BEGIN

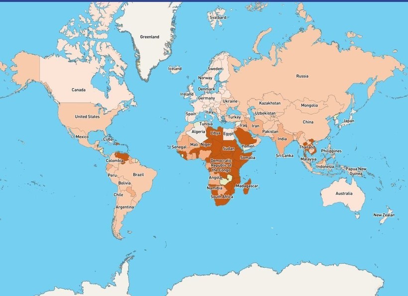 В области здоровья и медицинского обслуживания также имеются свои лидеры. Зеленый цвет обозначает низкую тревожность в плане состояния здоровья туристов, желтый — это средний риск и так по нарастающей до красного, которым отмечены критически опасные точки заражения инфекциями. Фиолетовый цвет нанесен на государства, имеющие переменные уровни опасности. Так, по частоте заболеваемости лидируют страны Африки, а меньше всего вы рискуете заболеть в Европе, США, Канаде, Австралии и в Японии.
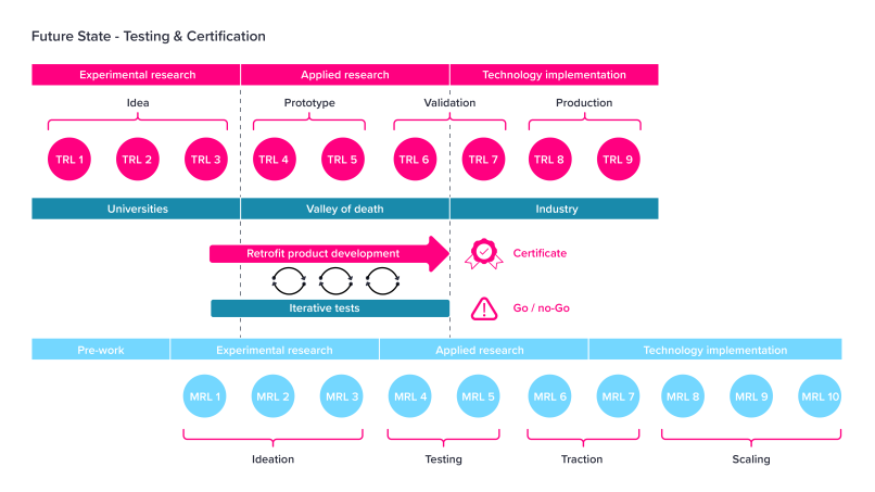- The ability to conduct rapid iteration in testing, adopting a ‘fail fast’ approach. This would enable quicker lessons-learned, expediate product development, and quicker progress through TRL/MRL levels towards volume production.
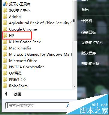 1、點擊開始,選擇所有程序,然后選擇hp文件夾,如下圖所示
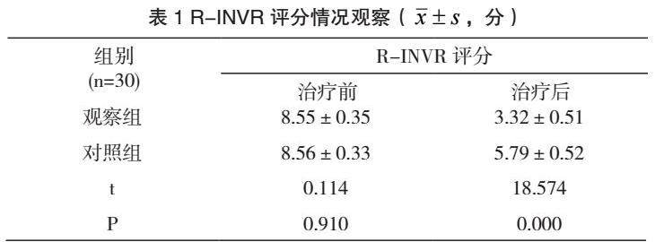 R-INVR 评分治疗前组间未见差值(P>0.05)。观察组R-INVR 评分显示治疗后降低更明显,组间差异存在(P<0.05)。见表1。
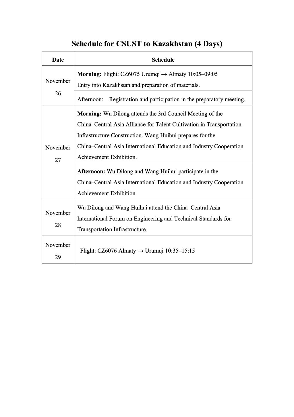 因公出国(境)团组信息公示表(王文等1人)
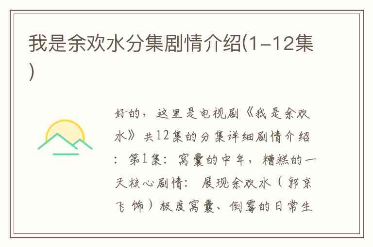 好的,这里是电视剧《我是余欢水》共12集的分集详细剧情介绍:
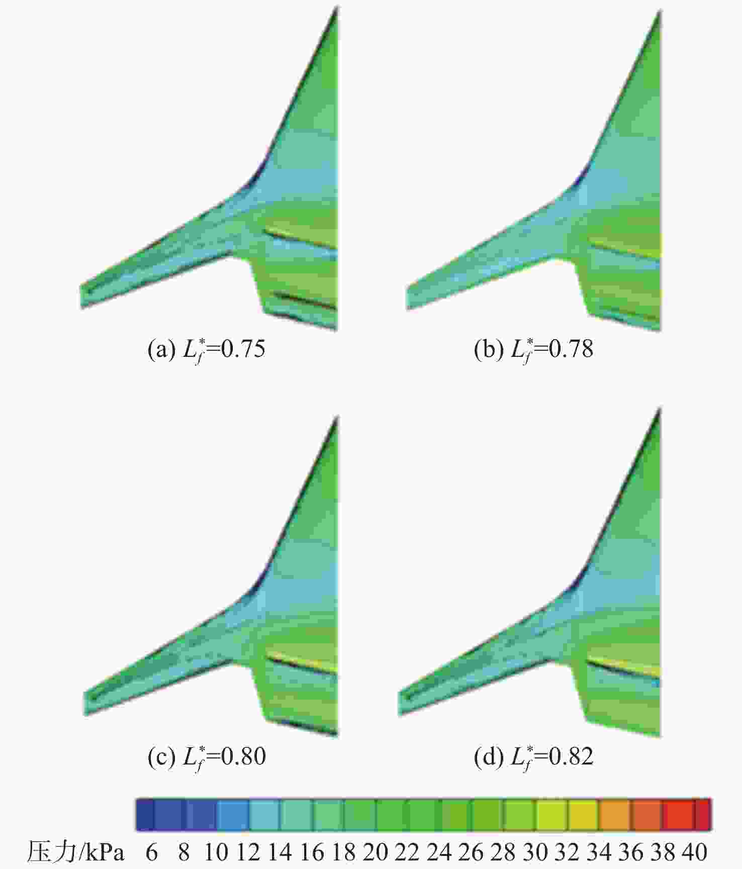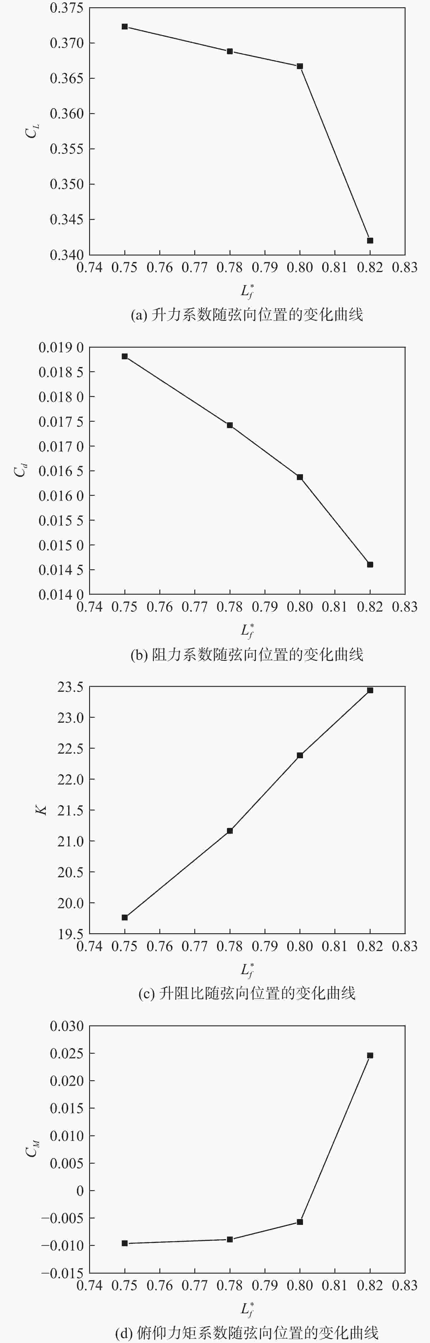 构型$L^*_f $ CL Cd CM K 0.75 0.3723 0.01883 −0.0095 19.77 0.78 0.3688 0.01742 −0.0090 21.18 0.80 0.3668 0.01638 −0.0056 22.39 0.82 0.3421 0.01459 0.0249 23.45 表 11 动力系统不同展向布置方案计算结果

END
BEGIN

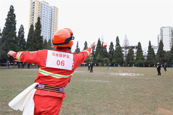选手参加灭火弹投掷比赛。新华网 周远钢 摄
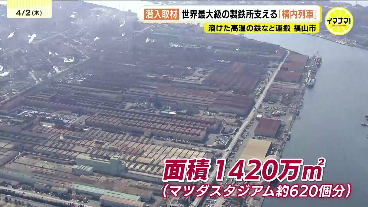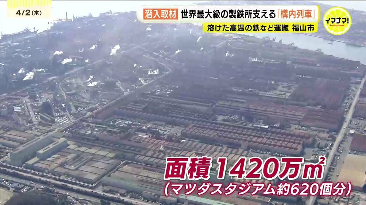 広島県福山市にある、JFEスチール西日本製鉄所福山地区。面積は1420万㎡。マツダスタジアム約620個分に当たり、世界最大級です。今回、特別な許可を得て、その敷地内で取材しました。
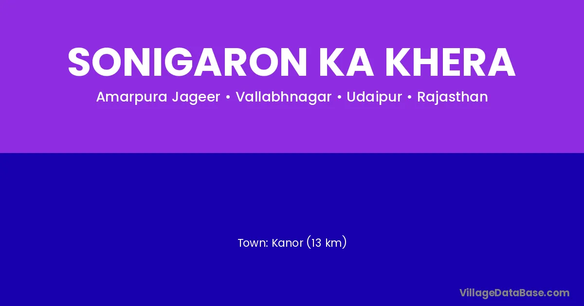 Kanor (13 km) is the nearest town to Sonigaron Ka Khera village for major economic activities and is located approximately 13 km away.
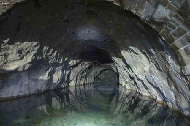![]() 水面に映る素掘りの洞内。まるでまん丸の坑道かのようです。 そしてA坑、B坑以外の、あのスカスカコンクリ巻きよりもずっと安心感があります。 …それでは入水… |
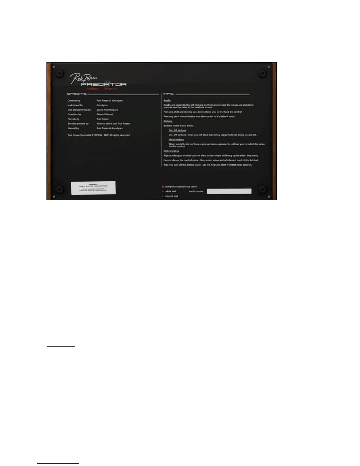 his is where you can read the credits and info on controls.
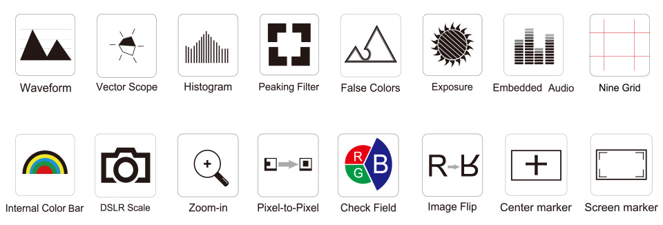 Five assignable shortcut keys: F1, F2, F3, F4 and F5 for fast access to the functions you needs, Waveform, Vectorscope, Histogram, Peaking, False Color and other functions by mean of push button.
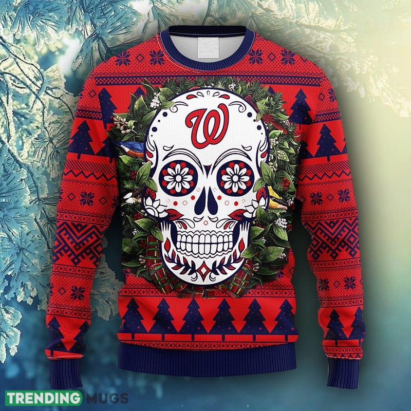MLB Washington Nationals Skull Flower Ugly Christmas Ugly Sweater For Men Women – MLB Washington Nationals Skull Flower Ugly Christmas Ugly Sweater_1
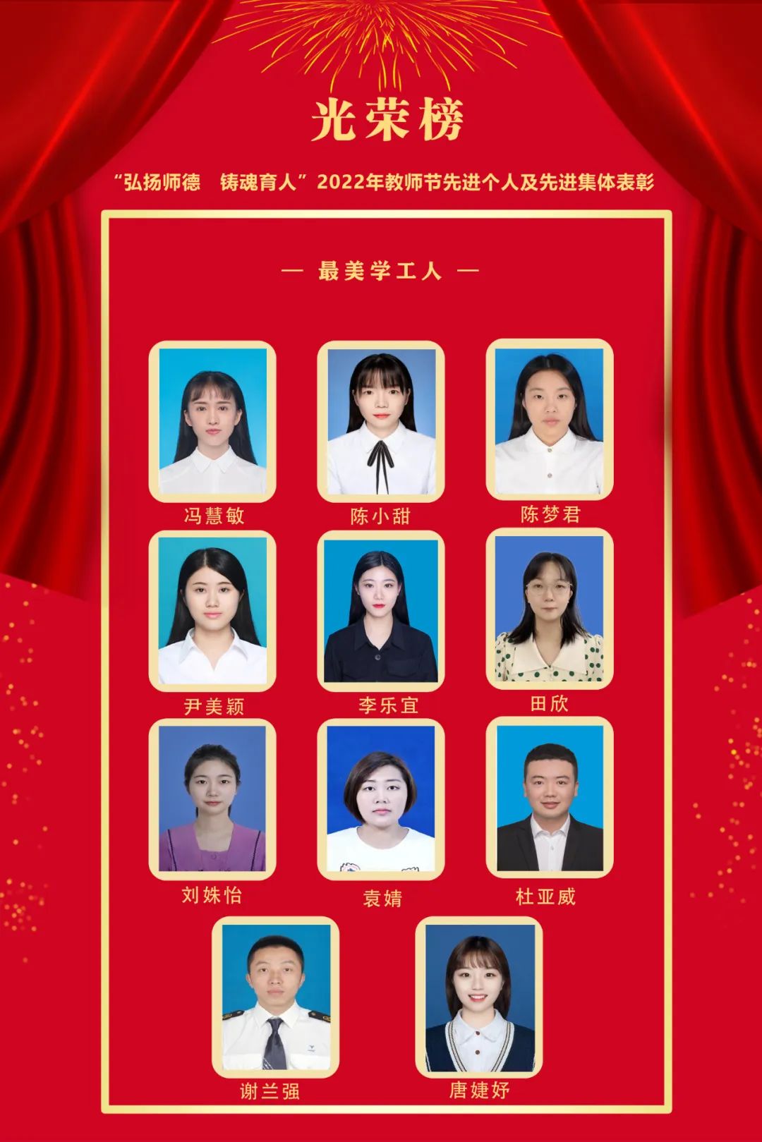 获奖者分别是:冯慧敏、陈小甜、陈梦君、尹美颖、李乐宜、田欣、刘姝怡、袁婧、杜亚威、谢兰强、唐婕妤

END

# TASK ITEM
Would you give again, exactly, the lines in the data above that run from the line containing "広島県福山市にある、JFEス" to the line containing "获奖者分别是:冯慧敏、陈小甜"? Include both ends and no pictures.

# REPLY TO THE TASK
 広島県福山市にある、JFEスチール西日本製鉄所福山地区。面積は1420万㎡。マツダスタジアム約620個分に当たり、世界最大級です。今回、特別な許可を得て、その敷地内で取材しました。
 Kanor (13 km) is the nearest town to Sonigaron Ka Khera village for major economic activities and is located approximately 13 km away.
![]() 水面に映る素掘りの洞内。まるでまん丸の坑道かのようです。 そしてA坑、B坑以外の、あのスカスカコンクリ巻きよりもずっと安心感があります。 …それでは入水… |
 his is where you can read the credits and info on controls.
 Five assignable shortcut keys: F1, F2, F3, F4 and F5 for fast access to the functions you needs, Waveform, Vectorscope, Histogram, Peaking, False Color and other functions by mean of push button.
MLB Washington Nationals Skull Flower Ugly Christmas Ugly Sweater For Men Women – MLB Washington Nationals Skull Flower Ugly Christmas Ugly Sweater_1
 获奖者分别是:冯慧敏、陈小甜、陈梦君、尹美颖、李乐宜、田欣、刘姝怡、袁婧、杜亚威、谢兰强、唐婕妤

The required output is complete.